Hello all! Everything has been running fine up until yesterday. We had a bad storm come through early in the morning. The power flickered on and off a few times before I left for work. When I left it was back on but it was raining so hard that when I did my usual pool lookout I couldn't even tell if the water water circulating. No biggie, I thought and headed to work. When I came home from work it was still raining hard. After the rain stopped I noticed the pool was not circulating. I went out to the pump area and immediately turned off the timer switch. The pump plugs into an outlet which leads to the timer. I turned the switch back on and nothing. So I checked the outlet, pushed the test button - nothing, pushed the reset button - nothing. Neither clicked in and neither clicked out. So first thought was outlet is bad. I dragged an extension cord out to the pump, plugged it in and then plugged the extension cord to a working outdoor outlet. This outlet tripped. I reset it, saw the glow light on extension cord so I plugged the pump back in, light went out again so I new outlet had tripped again. SO, do you think my pump is dead? What steps can I take from here to determine if it is infact dead? I changed the capacitor a while back, even then it hummed but didn't turn. Now it makes no sound at all.
THANKS!!
~Erin
 
Overheating and high current draw won't pop your outlet GFCI, you will pop your branch circuit breaker. GFCI's pop when there is a leakage to ground--although nearby lightning can freak them out, I have found. If cap has been changed, humming while stopped suggests a broken start/run switch (this is a centrifugal switch that acts when the motor spins up to speed).
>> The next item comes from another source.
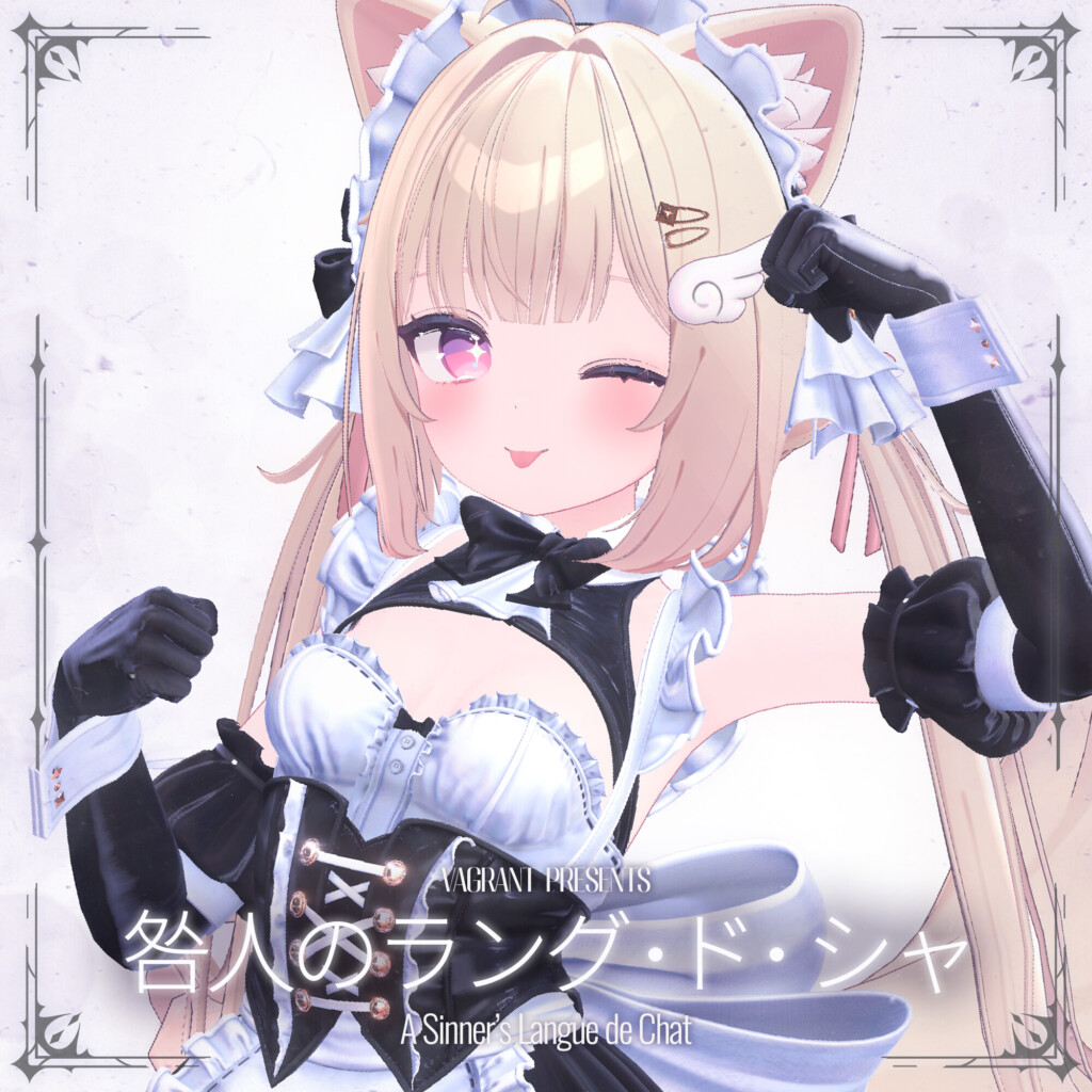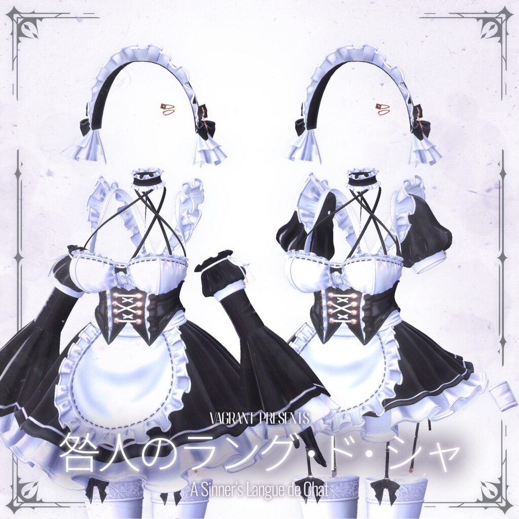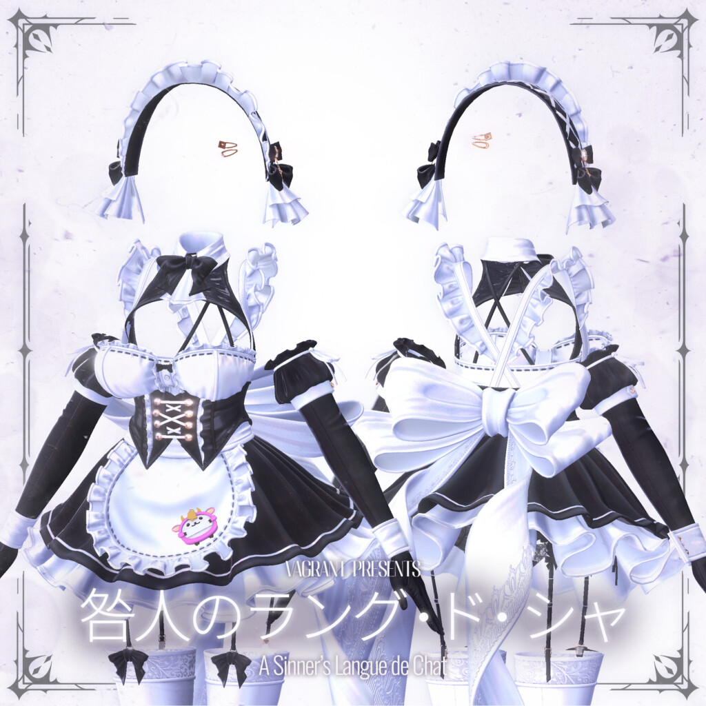 BOOTHショップ「VAGRANT」から1月30日にリリースされた新作衣装『咎人のラング・ド・シャ』。公式の紹介文にある通り、メイドという伝統的な形式を借りながらも、その実態は「甘美」と「罪深さ」が背中合わせに同居する、唯一無二の一着です。

Is this motor exposed to the weather? I'm thinking corrosion has gotten to the works of this motor and causing a current leak when it rains, popping the GFCI. At the same time, corrosion may have gotten to the start/run switch, too, causing the problems on restart. Or, your cap may have fried again. Lightning is also not good to motor caps.

There is no real substitute for opening it up and checking the state of the internal workings.
 
I'm gonna hijack this thread just a bit and comment on what an excellent post durk made above.

It is great to have folks like him on the forum who not only have the background and knowledge needed, but can express it in a way that even us electrically-challenged folks can understand perfectly.